Crítico de cinema e colunista de cultura de A Gazeta

"Mojica era um mestre não só do terror, mas do cinema"

Convidamos o cineasta Rodrigo Aragão, com quem José Mojica Marins, o Zé do Caixão, filmou seu último trabalho, para falar sobre sua história com o lendário diretor

Publicado em 01/03/2020 às 06h00
Atualizado em 01/03/2020 às 06h00
 Crédito: Acervo pessoal Rodrigo Aragão
Crédito: Acervo pessoal Rodrigo Aragão

José Mojica Marins, lendário cineasta e ator famoso pelo personagem Zé do Caixão, nos deixou em 19 de fevereiro.

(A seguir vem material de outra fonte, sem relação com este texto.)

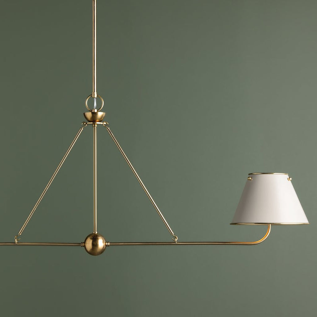 The Mark D. Sikes x Hudson Valley Lighting Burghley family channels a tailored aesthetic with clean lines and sleek metal shades. Featuring Mark D. Sikes’ signature brass ball detail as well as stylish bolts securing the shades, Burghley makes heritage-inspired silhouettes feel fresh. In either Aged Brass and Off White or Aged Brass and Distressed Bronze, the 5-light chandelier and 2-light linear bring a sense of understated refinement to both traditional and modern interiors.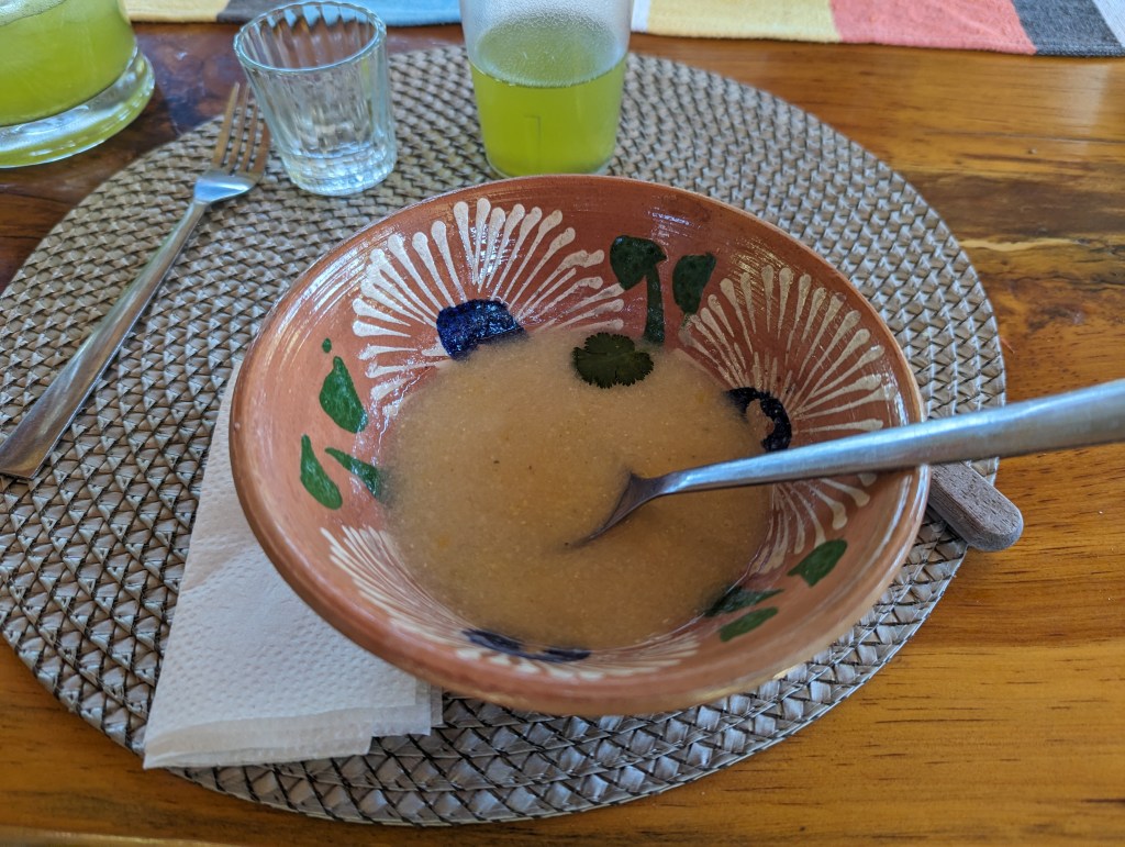 This recipe comes from Quinta Brava in Oaxaca, where my spouse and I took a cooking class. They gave us recipes at the end and I’ve saved this one as a light, refreshing soup. It’s less of a full meal than part of a multi-course affair, though you could probably put more into it if you want something more filling.

Mojica já não produzia tanto nos últimos anos, seu último longa como diretor, “A Encarnação do Demônio”, data de 2008, mas em 2014 ele veio Espírito Santo dirigir um dos filmes da antologia “Fábulas Negras” (2015) ao lado do guarapariense Rodrigo Aragão. Foi o último trabalho de Mojica, que também atua no segmento dirigido por ele. Justamente por isso, convidei Rodrigo Aragão para falar sobre o eterno José Mojica Marins. Confira.

Rodrigo Aragão

“Eu nasci em 1977, então durante a década de 80, minha infância e pré-adolescência, a gente não tinha nenhum acesso ao real trabalho do Mojica. Pra mim ele era o tio engraçado, de unhas grandes, que aparecia na ‘Praça é Nossa’ ou no programa do Silvio Santos.

Na década de 1990, com o ‘Cine Trash’, ele se tornou o rosto mais conhecido da minha vida já que eu sempre assisti ao programa e adorava aqueles filmes. Hoje penso que ali o Mojica se apresentava como uma caricatura dele mesmo e a gente continuava não tendo acesso aos seus trabalhos. Acho que só pude ver um filme do Mojica no início dos anos 2000, quando encontrei uma locadora que tinha ‘O Exorcismo Negro’ (1974). Esse filme bateu como uma pedra em mim. Era muito melhor, muito mais assustador e muito mais criativo do que eu esperava.

Com a chegada dos DVDs eu pude assistir ao que pra mim é o maior clássico do cinema brasileiro, ‘À Meia-noite Levarei Sua Alma’. É um filme que amo, acho uma coisa única no cinema mundial. O espírito do Mojica, principalmente essa coisa rebelde, de fazer como se pode, me deu forças pra fazer meu primeiro filme, “Mangue Negro”. Em 2008, quando terminei o filme depois de três anos, fui estreá-lo no Fantaspoa (Festival de Cinema Fantástico de Porto Alegre) e, pra minha felicidade, o Mojica estava lá lançando o ‘Encarnação do Demônio’.

Na primeira vez que o vi ele estava do lado de fora, fumando um cigarro... Eu sou meio tímido com essa coisa de abordar alguém, mas minha esposa não pensou duas vezes e foi imediatamente correndo até ele. O Mojica foi superlegal, super receptivo. Me deu parabéns (mesmo sem ter visto o filme) e falou ‘que bom que tem alguém fazendo filme de terror’. Ele sempre foi muito carinhoso, muito acessível.”

Fábulas Negras

“Quando surgiu a ideia do ‘Fábulas Negras’, surgiu a ideia de chamá-lo para fazer uma participação. Ele ficou sabendo que teria uma história sobre o Saci e quis dirigir essa história. Foi uma surpresa que ele topasse fazer um filme de tão baixo orçamento, com uma equipe tão pequena e no interior do Espírito Santo. Ele veio passar dez dias (em Guarapari) e filmou fora do estúdio, numa floresta mesmo. Isso é uma coisa que eu nunca vou esquecer. É uma grande oportunidade que eu tive na vida - ver um cara desse nível, com essa bagagem, com essa história, dirigindo um filme de baixíssimo orçamento, se divertindo. Nunca vi uma equipe trabalhar tão pesado e com um sorriso tão grande. A energia dele é contagiante, deixa toda a equipe feliz.

Uma coisa que me marcou bastante foi a despedida dele após os dez dias aqui. Era nítido que ele estava saindo dez anos mais jovem do que tinha chegado. Acho que a energia de um set, a energia do cinema, fazia bem ao corpo dele. Foi notório. É um ser que vivia de cinema, de arte. Acho que é por isso que todos o chamam de mestre - e é mesmo um mestre não só do cinema de terror, mas do cinema mundial. Todo brasileiro deveria ter muito orgulho de ter nascido no mesmo país que José Mojica Marins”.